If the interviewer asks "how do you safely run code you do not trust?":

  • Enumerate the walls and what each blocks: no network namespace (no cheating mid-test, no exfiltrating the problem bank), read-only filesystem (no tampering, nothing to steal), cgroups (no memory bombs or fork bombs - the kernel enforces the caps), seccomp allowlist (no dangerous system calls), non-root user.
  • Then the two operational rules: a FRESH sandbox per submission, destroyed after use, and defense in depth - assume any single wall can fail.
  • Close with the honesty ladder: containers share the host kernel, so the escalation path is hardened containers → gVisor → microVMs (Firecracker) → VMs, trading startup speed for isolation strength.

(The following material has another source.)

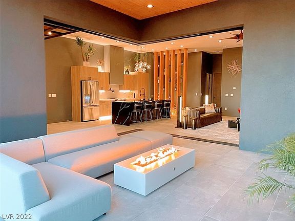 Truly a one-of-a-kind home at Spring Mountain Raceway which is a private racetrack. This rambler offers luxury at its finest. Accent lighting throughout the interior and exterior, quartz counter tops, luxurious finishes throughout, 12' ceilings, a custom full-size bar, custom closets, beautiful wood finishes throughout, and it comes fully furnished and ready to host all of your friends and family. The exterior boasts of a fire pit with wrap around seating, flat screen TV, 10 person Infinity spa, exterior doors that open to bring the outside in as you sit track side. The 4 car garage is also temperature controlled.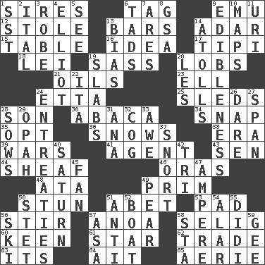 ACROSS 1. Fathers 6. Label 9. Australian flightless bird 12. Took without asking 13. Taverns 14. The sixth month of the Jewish calendar 15. Eating place 16. The main thing one is thinking about 17. Native american tent (variation) 18. Luau accessory 19. Backtalk 20. Tennis shots 21. Lubricates 23. Pipe bend 24. Singer James 25. Bobsleighs 28. Boy, to dad 30. Phillipine bananalike plant 34. Fastener 35. Choose 36. Overwhelms 38. Epoch 39. Armed conflicts 41. Rep 43. Elected rep. 44. Archer's quiver 46. Mouths or openings 48. "One Day ___ Time" 49. Demure 50. Surprise greatly 51. Collude with 53. Groovy apt. 56. Move through with a circular motion 57. Small Philippine buffalo 58. Major League Baseball Commissioner Bud 60. Peachy ____! 61. Play the lead 62. Exchange 63. It is 64. Small island 65. Nest on high DOWN 1. Fast jet (abbr.) 2. Slanted text style (abbr.) 3. Loose flowing garment 4. American author Paul (1891-1958) 5. Observe 6. Small amounts or degrees 7. Ancient Greek god of war 8. Girls' org. (abbr.) 9. The property of being fit to eat 10. Atlas contents 11. RI univ. 13. Prejudice 14. Ringlike coral islands and reefs 19. Broad, flat, thick pieces 20. French article 22. Call ___ day 24. Pleas 26. Have the gumption 27. Connect, as a bridge 28. Sty mamas 29. Brightly colored fish 31. Santa ___, CA 32. Gear tooth 33. Deep reverence 37. Derisive sound 40. Titan orbits this 42. Three (prefix) 45. Air blower 47. Electrical Unit 49. Lightbulb-shaped fruit 50. Proofreading order 51. Against 52. Water vessel 54. Having or resembling wings 55. "You Light Up My Life" star Conn 56. What Jean-Claude Killy likes to do 57. White ___ sheet 58. R.R. building 59. Turn to the right

Cloud providers running arbitrary tenant code sit at microVMs; short-lived, network-less assessment code justifies hardened containers - knowing which rung you are on, and why, is the answer.

If the interviewer asks "why put a queue between submit and execution?":

  • Because demand is spiky by construction (everyone submits at the deadline) while sandboxed CPU is expensive to hold idle - the queue reconciles a 10x burst with a right-sized fleet, and autoscaling reads queue depth as its signal.
  • It converts overload into honest feedback: "queued, position 12" instead of timeouts.
  • It is the fairness control point: round-robin across assessments so one 5,000-candidate event cannot starve a small interview.
  • And it is the reliability mechanism: leases plus reclaim (a dead runner's jobs re-run elsewhere), safe because result writes are idempotent per submission - at-least-once delivery plus idempotent receipt, the same invariant as Design WhatsApp, applied to compute jobs.

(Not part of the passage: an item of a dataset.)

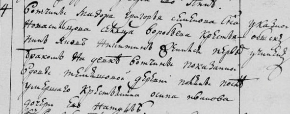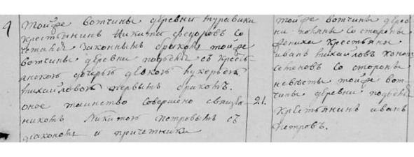 Новосильцева сц. Воробьева кр. Яков Никитин женился пер. бр. на девке вотч. показанной вдовы Темяшовой д. Поляны после умершего крестьянина Осипа Иванова дочери ево Наталье. Указной обыск учинен».

If the interviewer asks "why destroy every container instead of reusing them?":

  • Reuse leaks state in both directions: the previous submission may have planted a background process or poisoned /tmp (attacking the NEXT candidate), and its leftovers - memory pressure, lingering processes - can distort the next run's timing into an unfair verdict.
  • So the rule is: fresh sandbox, one use, destroy - correctness and security both demand it.
  • The cost is 100-300ms of construction per job, and the fix is the pre-warmed pool: build ahead of need, off the critical path, use once, replace in the background.
  • The transferable principle: reuse is an optimization you purchase with correctness risk. Here the verdict IS the product, so the purchase is refused - and the latency is bought back with preparation instead.

If the interviewer asks "how do you make verdicts fair?":

  • Name the failure first: wall-clock limits make verdicts depend on platform load - the same code passes at 2am and fails TLE at peak, and that difference can cost someone a job.
  • The fixes: measure CPU time (what the candidate's code actually computed, reported by the kernel), pin resources per sandbox (dedicated CPU allocation, fixed memory), and freeze the environment (language versions, images) so every run is identical by construction.
  • Memory verdicts come from the cgroup kill, not a crash heuristic.
  • Frame it the way the requirement deserves: determinism here is not engineering hygiene - a nondeterministic verdict is an unfair hiring decision, so "same code, same verdict" is an ethical property of the system.

If the interviewer asks "is this not just a CI system?":

  • Nearly - and recognizing that is the strong answer. The skeleton is identical: jobs in a queue, isolated runners, results and artifacts out - one platform pattern, "execute code on demand, safely, at scale."
  • The knobs differ by trust and purpose. Trust: CI runs your own team's code (semi-trusted, so it caches dependencies and workspaces aggressively for speed); assessments run strangers' code under incentive to cheat (zero trust, so nothing is cached or reused and everything is destroyed).
  • Structure: CI jobs form dependency graphs (build, then test, then package); submissions are independent, so scheduling is trivially parallel.
  • Stakes: CI optimizes developer minutes; assessment optimizes verdict fairness.
  • See Design a CI System for the same skeleton with the trust dial turned up and the caching dial turned on.